John Banville for Dromineer Literary Festival

One of Ireland's foremost authors and essayists, John Banville, will be just one of the top attractions at this year's Dromineer Literary Festival.


In what is something of a coup for the festival committee, the 2005 Man Booker Prize winner will read at Nenagh Arts Centre on Saturday, October 6th, at 8pm. Banville won the prize for his novel 'The Sea', which deals with love, loss, and the unpredictable power of memory. He had previously been shortlisted for the Man Booker in 1989 for 'The Book of Evidence'.


From Wexford, Banville has a host of literary awards to his name, including the James Tait Black Memorial Prize and the Guardian Fiction Prize. In 1989 'The Book of Evidence' was shortlisted for the Booker Prize, and was awarded the first Guinness Peat Aviation Award; in Italian, as 'La Spiegazione dei Fatti', the book was awarded the 1991 Premio Ennio Flaiano.


'Ghosts' was shortlisted for the Whitbread Fiction Prize in 1993; 'The Untouchable' for the same prize in 1997. In 2003 Banville was awarded the Premio Nonino. He has also received a literary award from the Lannan Foundation in the US.


In 2011 he was awarded the Franz Kafka Prize. A former literary editor of the Irish Times, he has also been awarded the Irish Pen Award for Outstanding Achievement in Irish Literature.


Under the pseudonym Benjamin Black, Banville has published a number of crime novels featuring the detective Quirke. The first three books were made into a mini-television series and starred Gabriel Byrne as Quirke.

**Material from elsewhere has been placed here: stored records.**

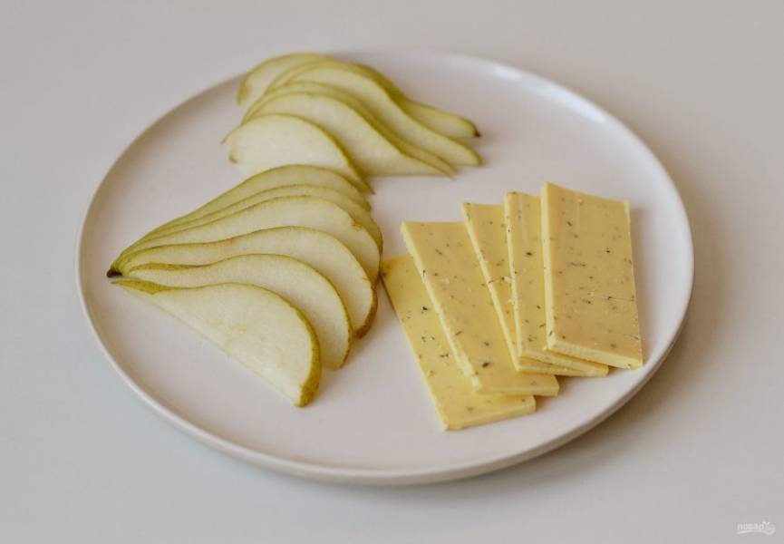 Грушу помойте, удалите сердцевину, нарежьте дольками. Сыр нарежьте ломтиками.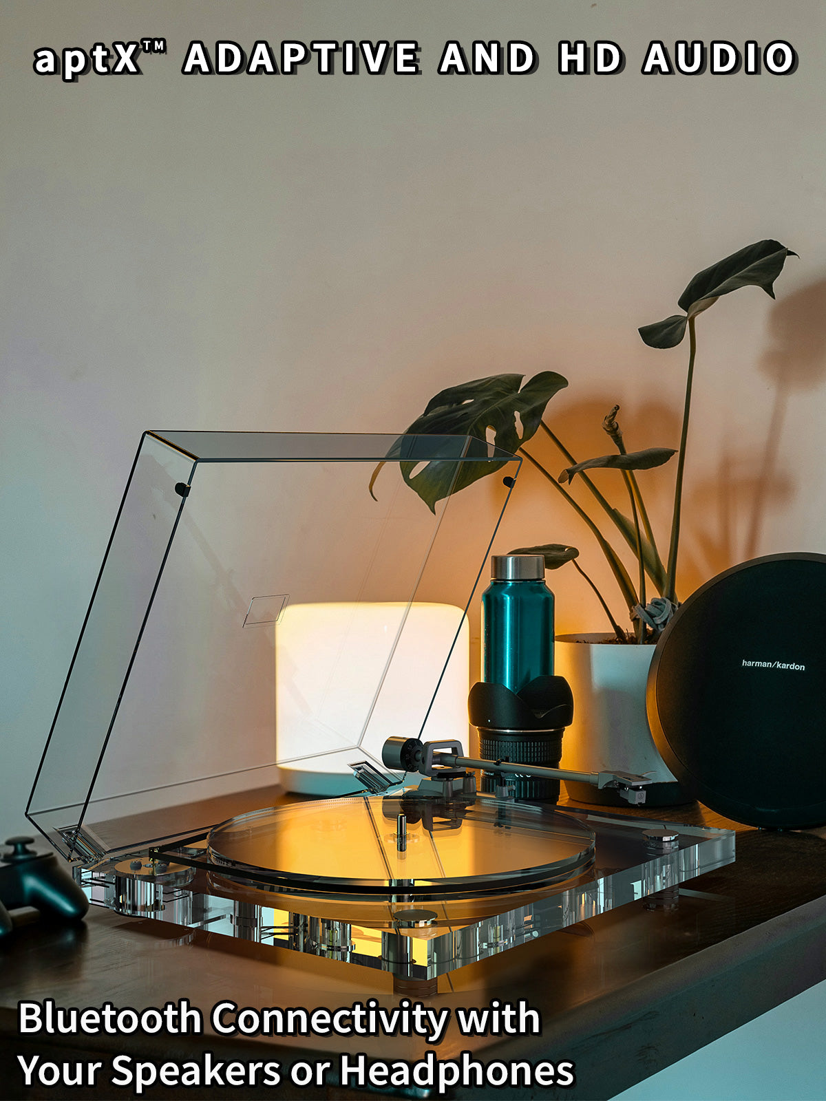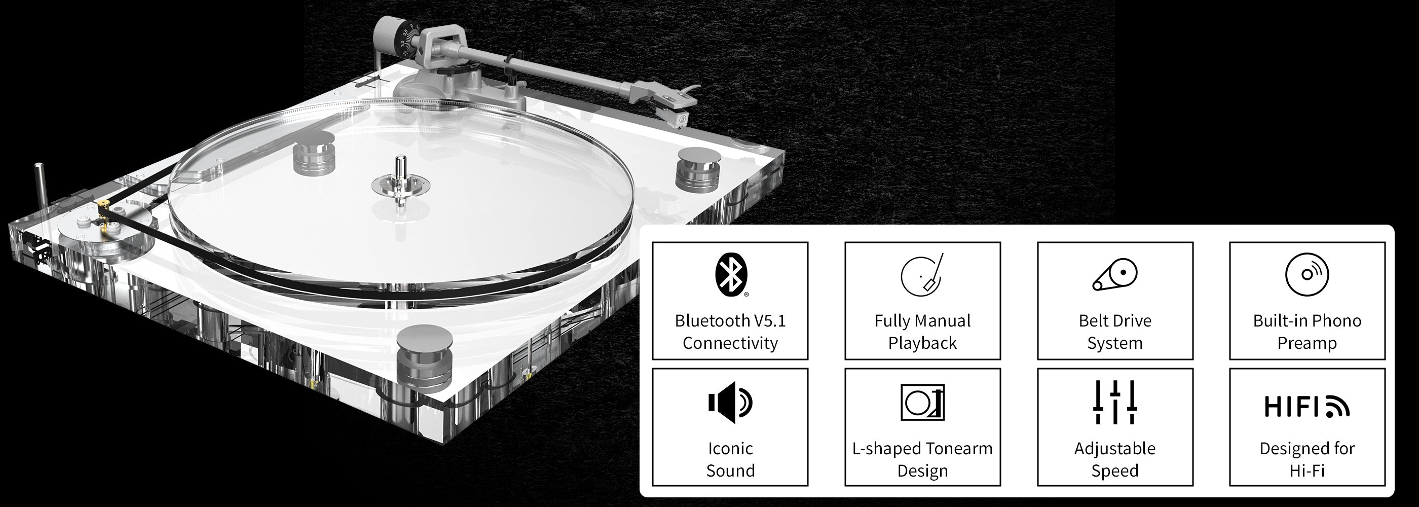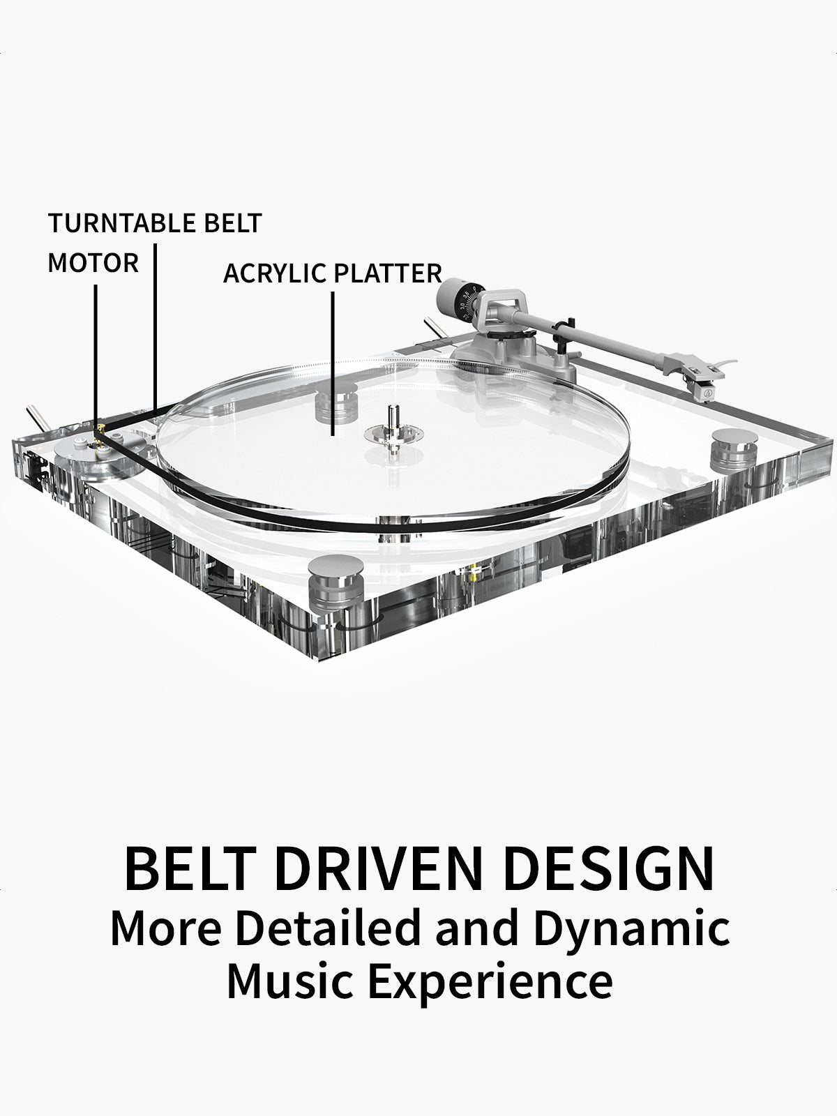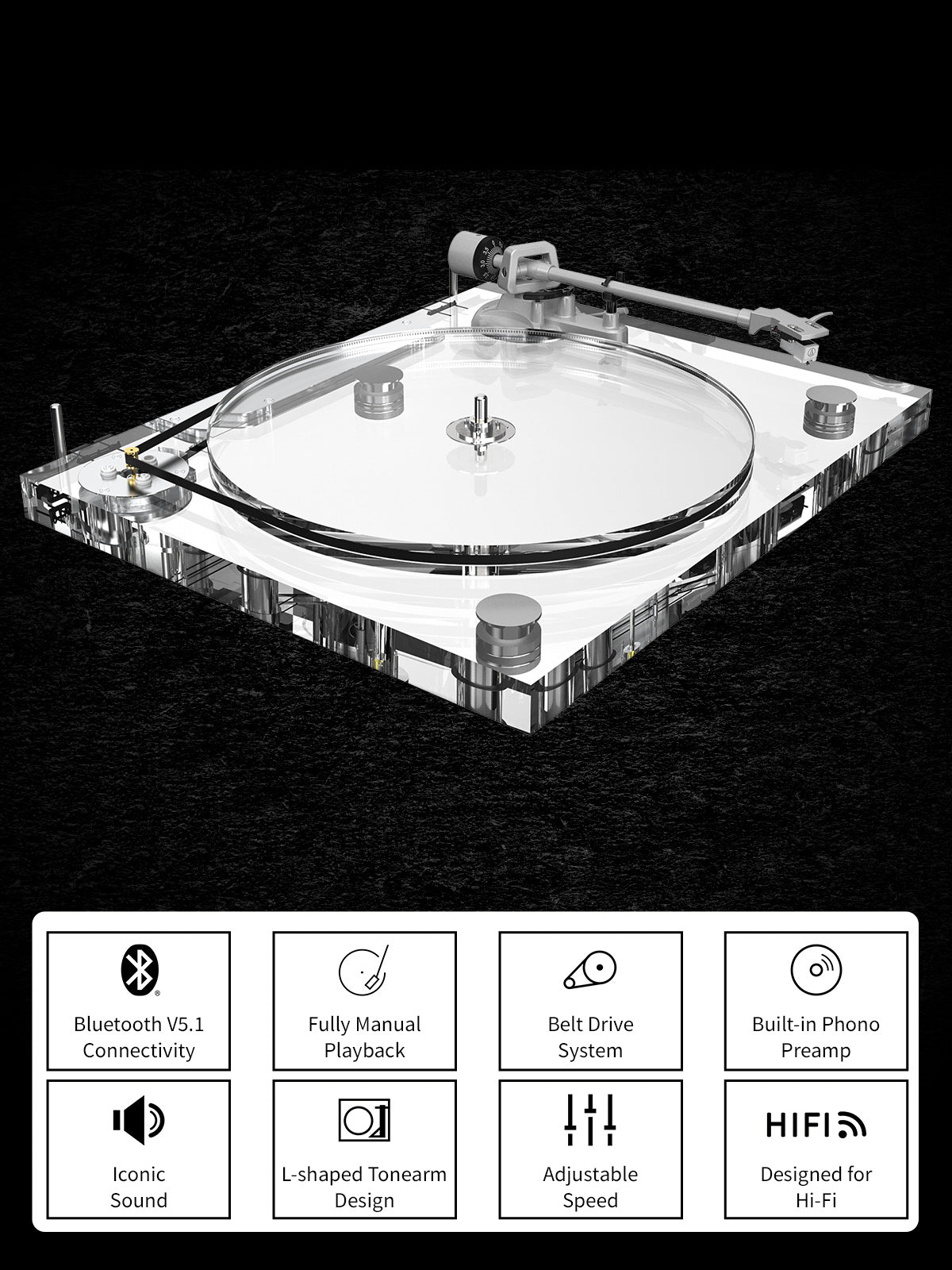 ICE1-V2 Transparent Belt Drive Bluetooth Turntable – Hi-Fi Acrylic Record Player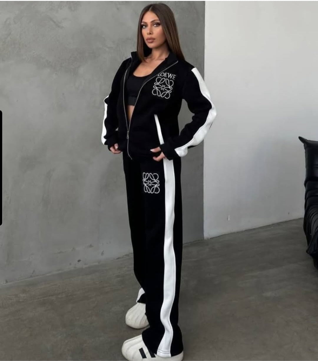 Спортно - елегантен дамски комплект, състоящ се от горнище с цип и дълъг ръкав и панталон с права кройка. Комплектът е в черен цвят с бели кантове отстрани, което визуално издължава силуета. На горнището и панталона има декоративен надпис и лого, които добавят модерен акцент. Подходящ е както за спорт, така и за ежедневно носене.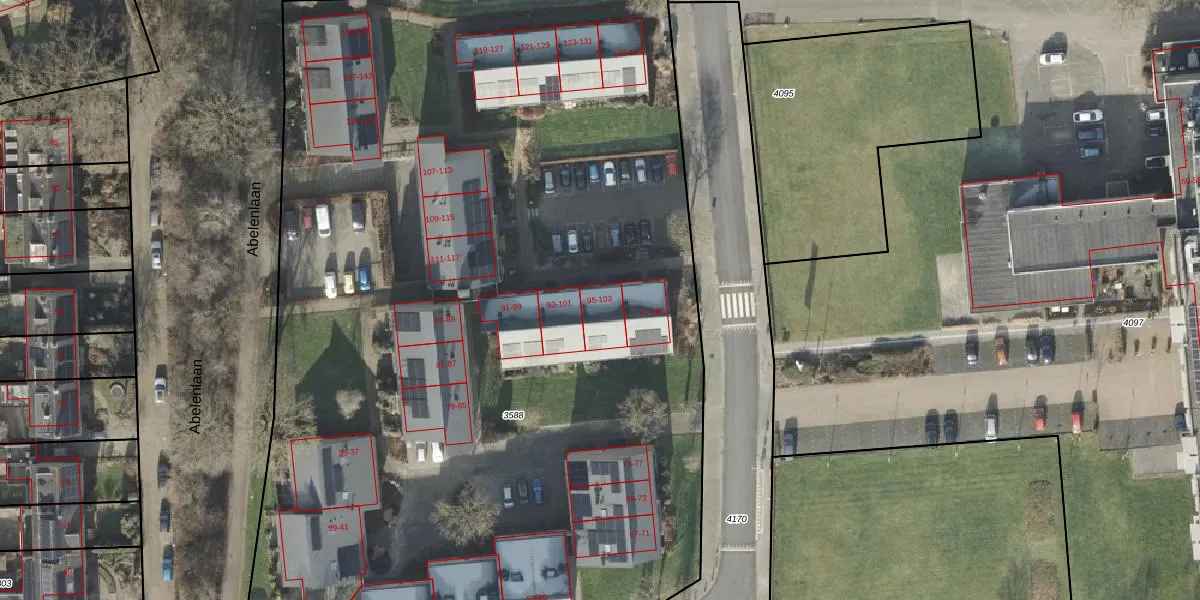 Het perceel waarop Erasmuslaan 95 staat heeft een oppervlakte van 8405 m². Dit is een zeer groot perceel. De perceeloppervlakte wordt geregistreerd door het Kadaster. Gedetailleerde informatie over de maten van dit perceel kunt u vinden in het rapport Kadastrale kaart met maatvoering van Erasmuslaan 95.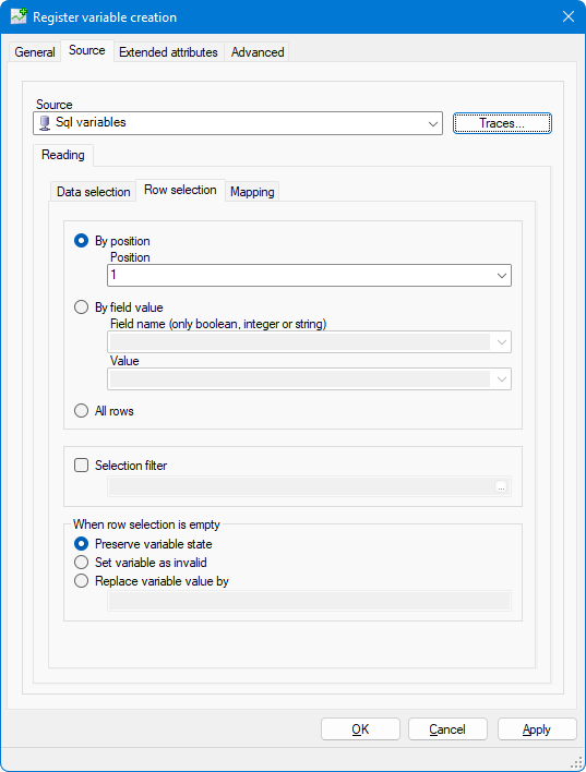 When using the By position option, keep in mind that any ORDER BY clause in your Sql query affects the result you will obtain. In most cases, changing the ORDER BY clause in the query requires changing the value of Position in the variable mapping.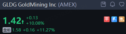 金价屡创新高,黄金股盘前普涨, GoldMining Inc 大涨超11%, AngloGold Ashanti Ltd ADS 、科尔黛伦矿业、金田涨超3%,哈莫尼黄金涨2.56%。
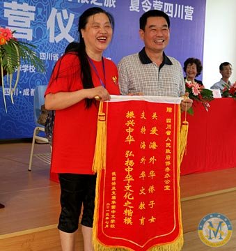 夏令營領(lǐng)隊向四川省僑務(wù)辦贈上錦旗 海外華裔青少年向我校贈送禮物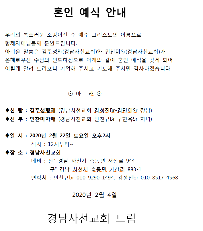 [기쁜소식] 김주성형제,민찬미자매(2월22일)
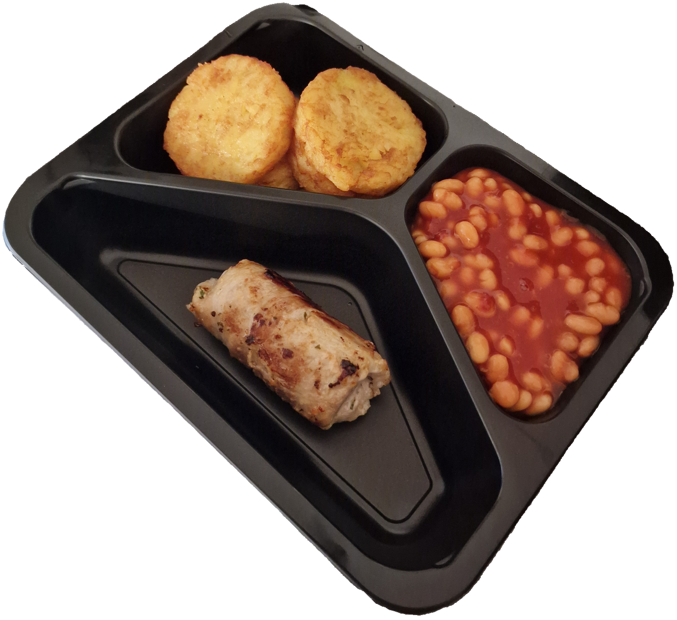 Röstirondjes met witte bonen in tomatensaus en een slavink

As Benjamin Black, he was commissioned by the Raymond Chandler Estate to pen a new novel featuring Chanler's famous detective, Philip Marlowe. Apart from his work in fiction, Banville wrote 'Prague Pictures: Portraits of a City', which was published in 2003 as part of Bloomsbury’s 'The Writer and the City’ series, and Time Pieces, a vividly evocative memoir that unfolds around the author's recollections, experience, and imaginings of Dublin.


Tickets for the event will go on sale shortly, and pre-booking through the arts centre is advisable.